* _INPUT DATA_:
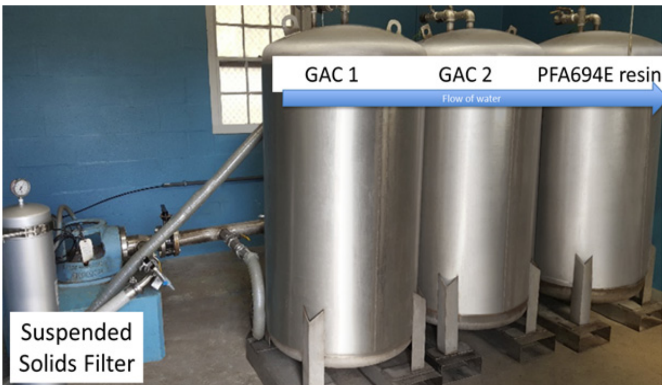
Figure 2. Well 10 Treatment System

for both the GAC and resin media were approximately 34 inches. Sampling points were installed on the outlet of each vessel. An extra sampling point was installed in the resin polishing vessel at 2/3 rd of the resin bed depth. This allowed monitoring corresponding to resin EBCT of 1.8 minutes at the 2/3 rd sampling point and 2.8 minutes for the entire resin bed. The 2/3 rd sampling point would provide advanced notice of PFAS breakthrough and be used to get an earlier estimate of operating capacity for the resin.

==

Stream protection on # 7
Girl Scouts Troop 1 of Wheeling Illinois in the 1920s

* _WORK TO BE COMPLETED_:
There is a line with "Stream protection on # 7" and a line with "Girl Scouts Troop" above. Copy exactly those two lines and all lines between them, with nothing else.

* _WORKED SOLUTION_:
Stream protection on # 7
Girl Scouts Troop 1 of Wheeling Illinois in the 1920s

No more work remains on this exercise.